Exercise goal :: Copy exactly. Begin at the line containing "3. 当前路径为:应用 >" and stop at the last line of the entries, omitting any pictures.

(Data entries)
————

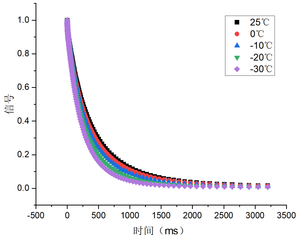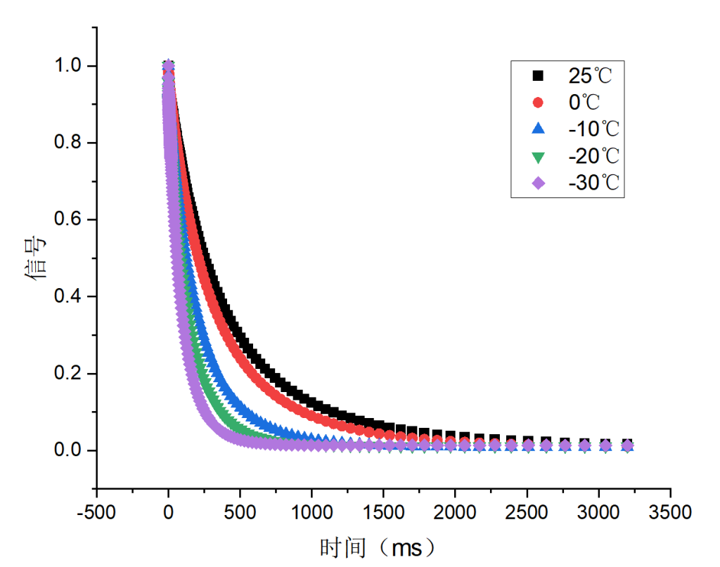 三种样品的弛豫行为类似,随着温度的降低,水凝胶中自由水的活动会越来越弱,导致弛豫越来越快,从三张图中可以看出,样品c的弛豫变化相较于a、b不明显,说明随着盐含量的增加,样品c中自由水受到温度变化产生的影响较样品a、b明显变少,也证明了样品c的抗冻性能力较a、b更强。
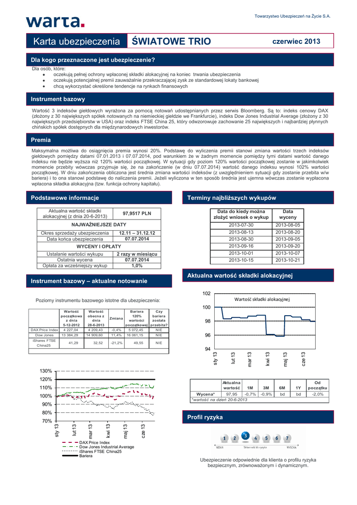 Towarzystwo Ubezpieczeń na Życie S.A. ŚWIATOWE TRIO Karta ubezpieczenia czerwiec 2013 Dla kogo przeznaczone jest ubezpieczenie? Dla osób, które: oczekują pełnej ochrony wpłaconej składki alokacyjnej na koniec trwania ubezpieczenia oczekują potencjalnej premii zauważalnie przekraczającej zysk ze standardowej lokaty bankowej chcą wykorzystać określone tendencje na rynkach finansowych Instrument bazowy Wartość 3 indeksów giełdowych wyrażona za pomocą notowań udostępnianych przez serwis Bloomberg. Są to: indeks cenowy DAX (złożony z 30 największych spółek notowanych na niemieckiej giełdzie we Frankfurcie), indeks Dow Jones Industrial Average (złożony z 30 największych przedsiębiorstw w USA) oraz indeks FTSE China 25, który odwzorowuje zachowanie 25 największych i najbardziej płynnych chińskich spółek dostępnych dla międzynarodowych inwestorów. Premia Maksymalna możliwa do osiągnięcia premia wynosi 20%. Podstawę do wyliczenia premii stanowi zmiana wartości trzech indeksów giełdowych pomiędzy datami 07.01.2013 i 07.07.2014, pod warunkiem że w żadnym momencie pomiędzy tymi datami wartość danego indeksu nie będzie wyższa niż 120% wartości początkowej. W sytuacji gdy poziom 120% wartości początkowej zostanie w jakimkolwiek momencie przebity wówczas przyjmuje się, że na zakończenie (w dniu 07.07.2014) wartość danego indeksu wynosi 102% wartości początkowej. W dniu zakończenia obliczona jest średnia zmiana wartości indeksów (z uwzględnieniem sytuacji gdy zostanie przebita w/w bariera) i to ona stanowi podstawę do naliczenia premii. Jeżeli wyliczona w ten sposób średnia jest ujemna wówczas zostanie wypłacona wpłacona składka alokacyjna (tzw. funkcja ochrony kapitału). Terminy najbliższych wykupów Podstawowe informacje Aktualna wartość składki alokacyjnej (z dnia 20-6-2013) 97,9517 PLN Data do kiedy można złożyć wniosek o wykup Data wyceny 2013-07-30 2013-08-13 2013-08-30 2013-09-16 2013-10-01 2013-10-15 2013-08-05 2013-08-20 2013-09-05 2013-09-20 2013-10-07 2013-10-21 NAJWAŻNIEJSZE DATY 12.11 – 31.12.12 07.07.2014 Okres sprzedaży ubezpieczenia Data końca ubezpieczenia WYCENY I OPŁATY 2 razy w miesiącu 07.07.2014 1,0% Ustalanie wartości wykupu Ostatnia wycena Opłata za wcześniejszy wykup Aktualna wartość składki alokacyjnej Instrument bazowy – aktualne notowanie 102 Wartość składki alokacyjnej Poziomy instrumentu bazowego istotne dla ubezpieczenia: Wartość początkowa z dnia 5-12-2012 DAX Price Index 4 227,04 Dow Jones Industrial iShares FTSE China25 Wartość obecna z dnia 28-6-2013 4 209,43 100 Zmiana -0,4% Bariera Czy 120% bariera wartości została początkowej przebita? 5 072,45 NIE 13 384,29 14 909,60 11,4% 16 061,15 NIE 41,29 32,52 -21,2% 49,55 NIE 98 96 cze 13 maj 13 kwi 13 mar 13 lut 13 sty 13 94 130% 120% Aktualna wartość 110% 1M Wycena* 97,95 -0,7% *wartość na dzień 20-6-2013 100% 3M 6M 1Y Od początku -0,9% bd bd -2,0% 90% 80% Profil ryzyka DAX Price Index Dow Jones Industrial Average iShares FTSE China25 Bariera cze 13 maj 13 kwi 13 mar 13 lut 13 sty 13 70% Ubezpieczenie odpowiednie dla klienta o profilu ryzyka bezpiecznym, zrównoważonym i dynamicznym. Komentarz rynkowy Rok 2013 okazał się być dobry dla indeksów akcji krajów rozwiniętych oraz nienajlepszy dla indeksów akcji krajów rozwijających się. Ta tendencja jest widoczna w tabelce z wynikami poszczególnych indeksów składających się na produkt, jaka jest zamieszczona na poprzedniej stronie. Indeks amerykański zyskał od momentu startu produktu ponad 10%, niemiecki niemal nie zmienił wartości (choć przez większość czasu był na plusie), a chiński stracił niemal 20%. Duża część spadków indeksu iShares FTSE China25 miała miejsce począwszy od maja 2013, kiedy amerykański bank centralny (FED) zapowiedział możliwość ograniczenia programu drukowania pieniądza. To wraz z problemami na chińskim rynku pożyczek międzybankowych i obaw o kondycje tamtejszych banków doprowadziło do spadków. Oba te negatywne czynniki zaczęły jednak w ostatnim czasie słabnąć. FED sprostował swoje wcześniejsze wypowiedzi sugerując, że wycofanie z programu dodruku może nastąpić później niż rynek zaczął oczekiwać, a sytuacja na rynku bankowym w Chinach unormowała się. Wszystko to pozwala mieć nadzieje, że po słabszym maju i czerwcu najbliższy czas przyniesie przynajmniej częściowe odreagowanie niedawnych spadków. Kontakt Informacje na temat ubezpieczeń TUnŻ WARTA S.A. można uzyskać pod numerem infolinii: z telefonu stacjonarnego 801 308 308 z telefonu komórkowego +48 502 308 308 Nota prawna i informacje o firmie TUnŻ WARTA S.A. NOTA PRAWNA Wszelkie opinie i oceny zawarte w niniejszym opracowaniu wyrażają opinie Ubezpieczyciela w dniu jego wydania. Opracowanie przygotowano dochowując należytej staranności, wykorzystując źródła informacji, które Ubezpieczyciel uważa za wiarygodne i dokładne, jednakże nie istnieje gwarancja, iż są one wyczerpujące i w pełni odzwierciedlają stan faktyczny. Wykresy i diagramy przedstawione w niniejszym opracowaniu mają charakter wyłącznie ilustracyjny, nie są one ani doradztwem inwestycyjnym, ani prognozą. Ubezpieczyciel nie świadczy usług doradztwa inwestycyjnego, ani nie udziela porad inwestycyjnych, a informacje nie mają w żadnym wypadku charakteru porady inwestycyjnej. Szczegółowe informacje dotyczące umowy ubezpieczenia znajdują się w Ogólnych Warunkach Ubezpieczenia dostępnych w placówkach Ubezpieczyciela i/lub stronie internetowej www.warta.pl. Przed zawarciem umowy Klient samodzielnie określa poziom akceptowalnego przez siebie ryzyka, potencjalne korzyści oraz straty z nią związane, jak również w szczególności charakterystykę, konsekwencje prawne, podatkowe i księgowe umowy. Powielanie bądź publikowanie niniejszego opracowania lub jego części bez pisemnej zgody Ubezpieczyciela jest zabronion
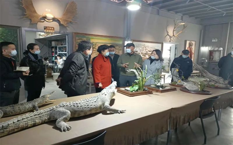 調研組一行來到新疆田馬博物館有限公司,調研了自然博物展覽基地的生態研究、生物技術開發、動植物標本製作和自然藝術品創作等工作,詳細了解不同類型科普館的策劃、設計、施工和布展流程。侯漢敏與標本製作師親切交談,詢問了工作情況,強調要繼續完善非國有博物館工作人員的職稱評審制度,創造條件留住這些人才。
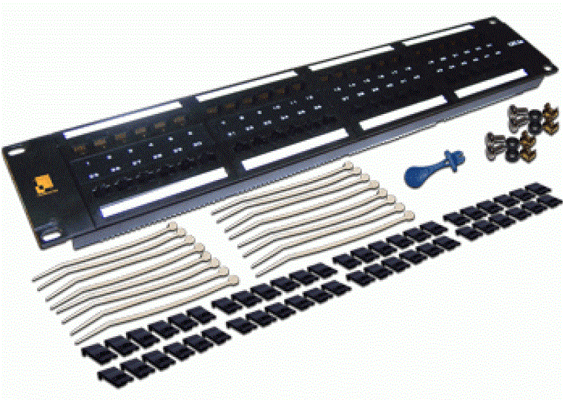 Патч-панель LANMASTER 48 портов, UTP, кат.6, 2U. Соответствует требованиям категории 6. Панель может монтироваться в 19-дюймовую стойку, шкаф или настенную раму, а также на стену (с помощью дополнительных кронштейнов). Для подключения абонентских кабелей используется метод врезного контакта сквозь изоляцию - IDC. IDC разъемы панели являются универсальными и допускают монтаж кабеля с использованием как инструментов для 110-х контактов, так и инструментов для контактов типа Krone. На передней стороне панели смонтированы стандартные порты типа RJ-45, объединенные в группы по 6 портов.
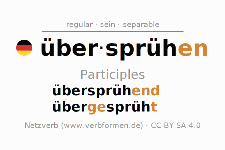 The verb über-sprühen (ist) fully conjugated in all persons and numbers in the Participle Present Perfect
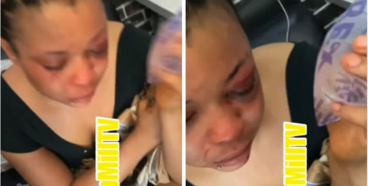Mu mashusho yagaragaye, umukobwa aba abafite ibishyundu mu maso ndetse afite ishashi irimo urubura imufasha kugabanya uburibwe.
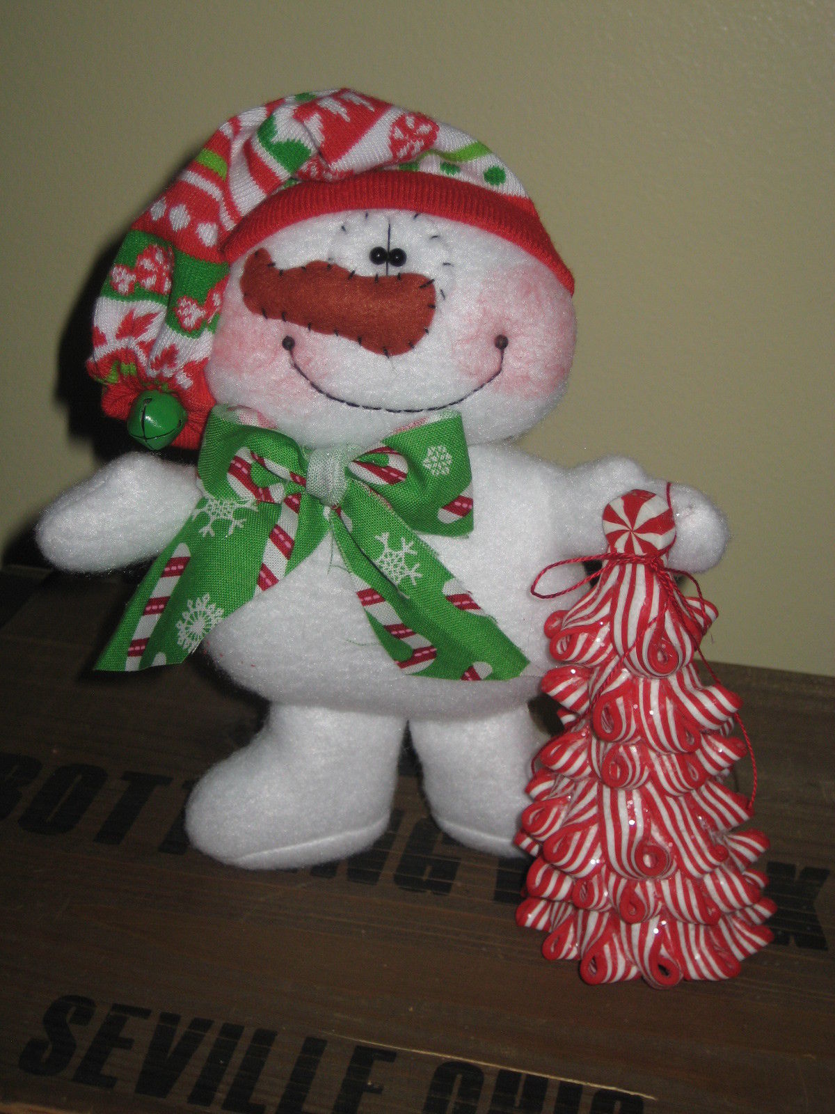 Title (ebay affiliate link): PRIMITIVE HC CHRISTMAS STANDING SNOWMAN DOLL PEPPERMINT TREE SHELF SITTER ORNIE
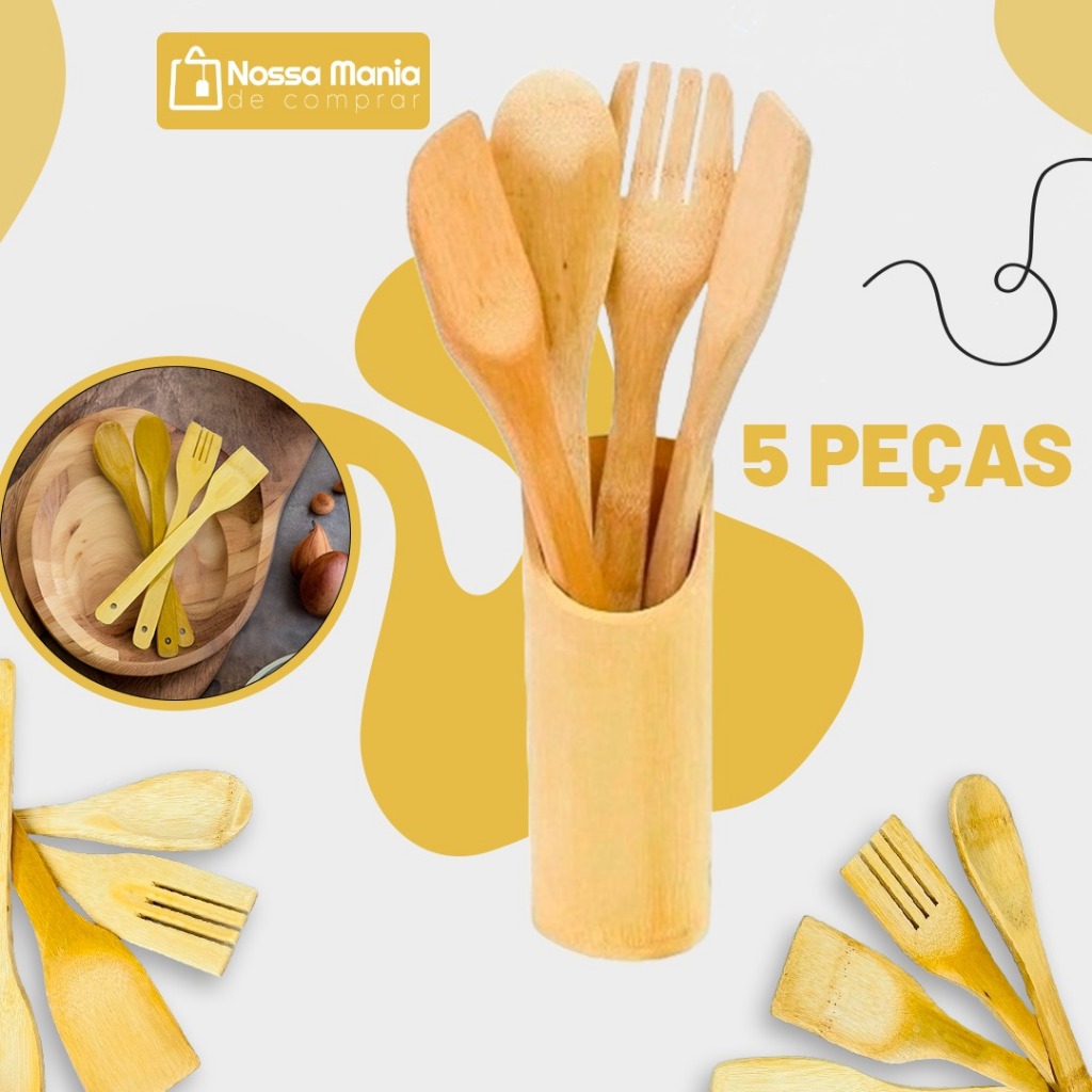 Kit Conjunto 5 Peças Utensílios Bambu Resistente Multiuso Casa Cozinha Decoração Com Suporte de Bambu
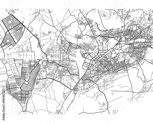 © fazila, Naklejka premium Minimalistic Map of Peshawar, Retro Style, black and White
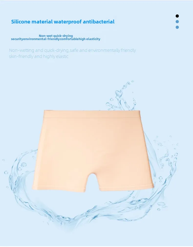 • Waterproof Material : Crafted from high-quality silicone, these swimming trunks offer superior waterproofing, keeping your child dry and comfortable in the water.
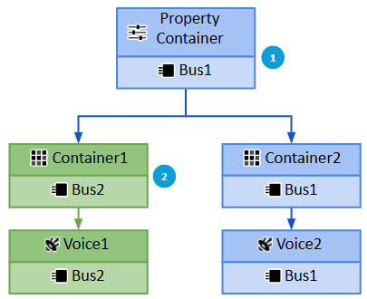 Object Property Container sets the Output Bus to Bus1, setting the Output Bus for descendants that do not override it (i.e., Container2 and Voice2). |
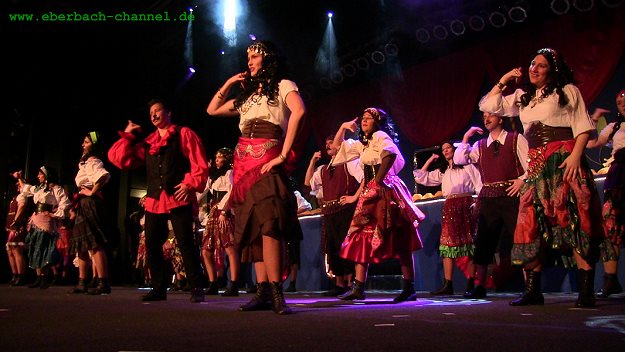 Im Finale stimmte Jürgen Huber dann wieder des Faschingshit "Viva Colonia" mit örtlich angepasstem Text "Feiern in Eberbach" an. Durch das Programm führte wieder Sitzungspräsident Ralph Brenneis mit Witzen und närrischen Sprüchen. Das Bühnenbild ist in diesem Jahr einem Zirkus nachempfunden. Musikalisch begleitet wurde der Abend durch die Feuerwehrkapelle Waldkatzenbach und, zum Auftakt, den Fanfarenzug der Stadt Eberbach.
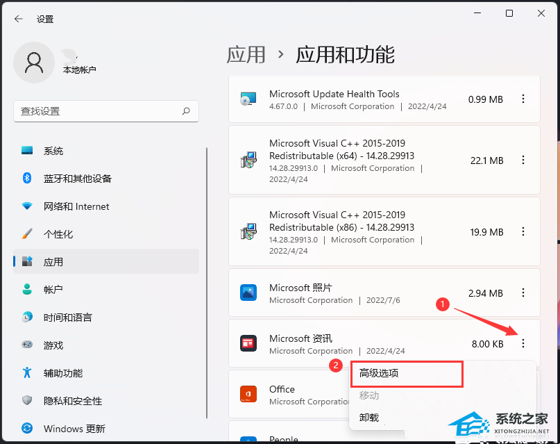 3. 当前路径为:应用 > 应用和功能,找到并点击Microsoft 资讯旁的【⋮】,然后点击【高级选项】。
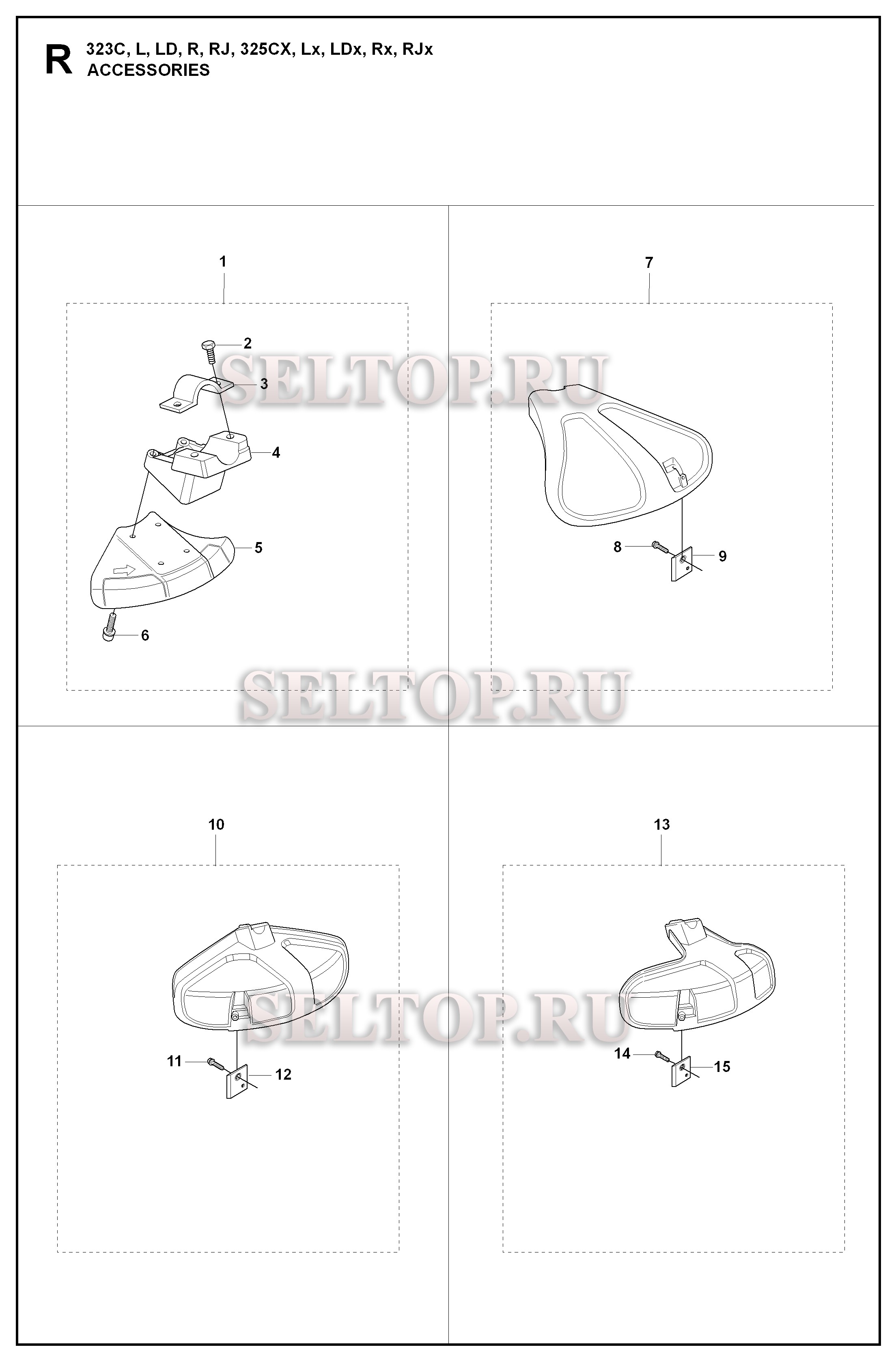 Защита для триммера Husqvarna 323 C (с 2008-03), взрыв-схема:
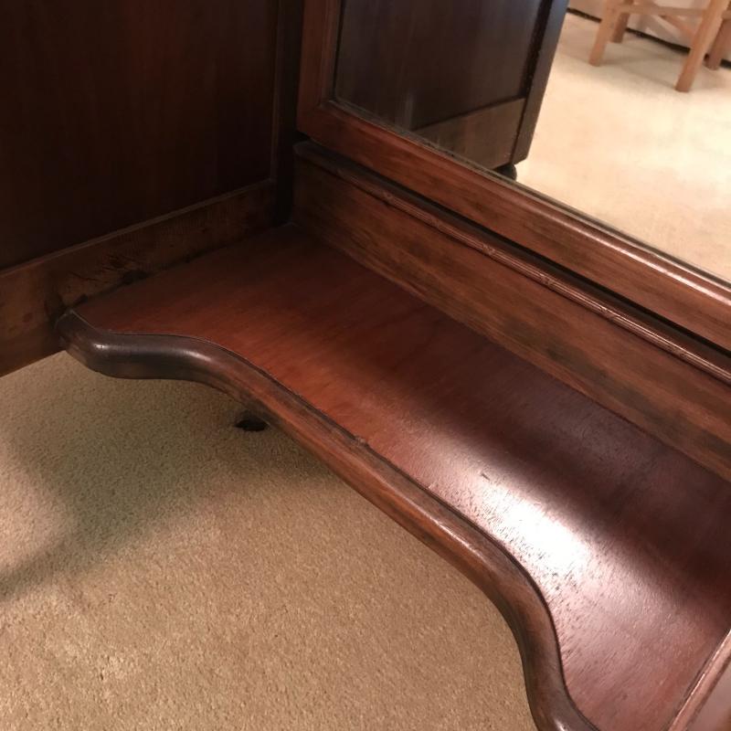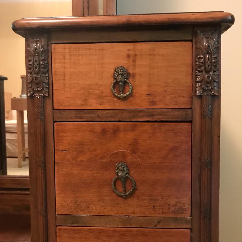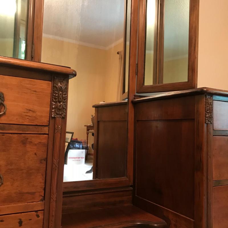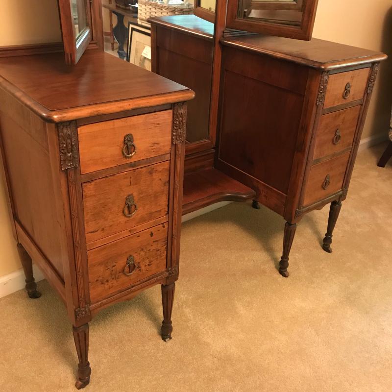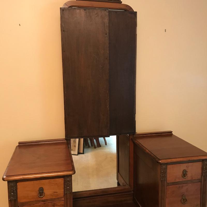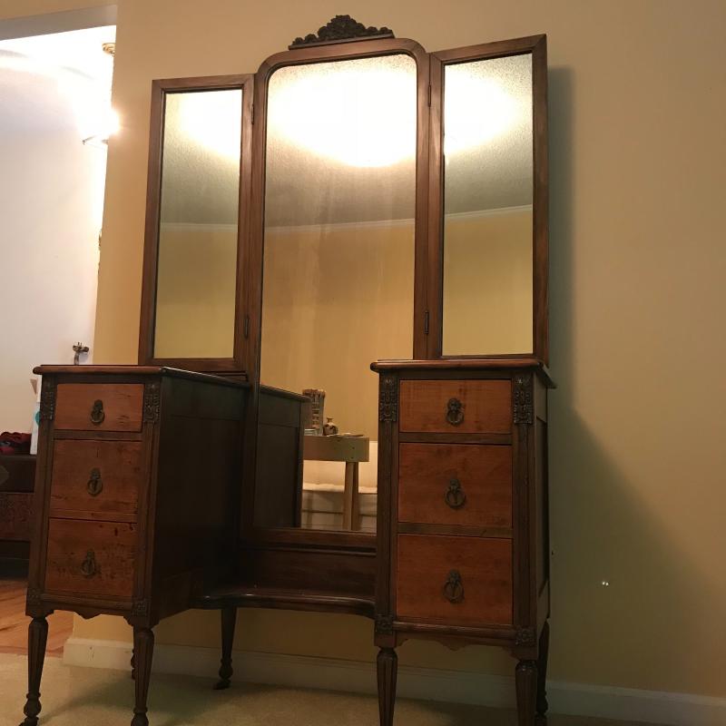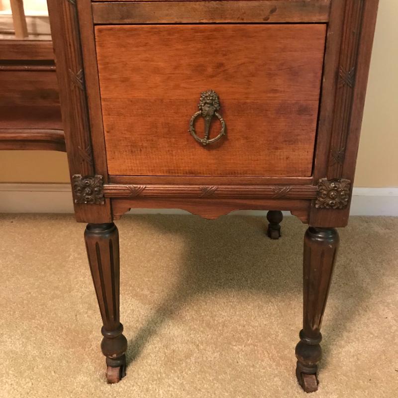 This is a handsome antique vanity on eight casters with carved corners and brass hardware. It is a show stopper that will upgrade your bedroom. Includes attached full size mirror with two folding side mirrors to catch every angle. Carved details on edges. It also has 6 dovetail drawers and shows very little wear. Measures 46”x19”x73.5” Local pick up only. Please bring help to load this heavy piece.

————

Written answer ::
 3. 当前路径为:应用 > 应用和功能,找到并点击Microsoft 资讯旁的【⋮】,然后点击【高级选项】。
 Защита для триммера Husqvarna 323 C (с 2008-03), взрыв-схема:
 This is a handsome antique vanity on eight casters with carved corners and brass hardware. It is a show stopper that will upgrade your bedroom. Includes attached full size mirror with two folding side mirrors to catch every angle. Carved details on edges. It also has 6 dovetail drawers and shows very little wear. Measures 46”x19”x73.5” Local pick up only. Please bring help to load this heavy piece.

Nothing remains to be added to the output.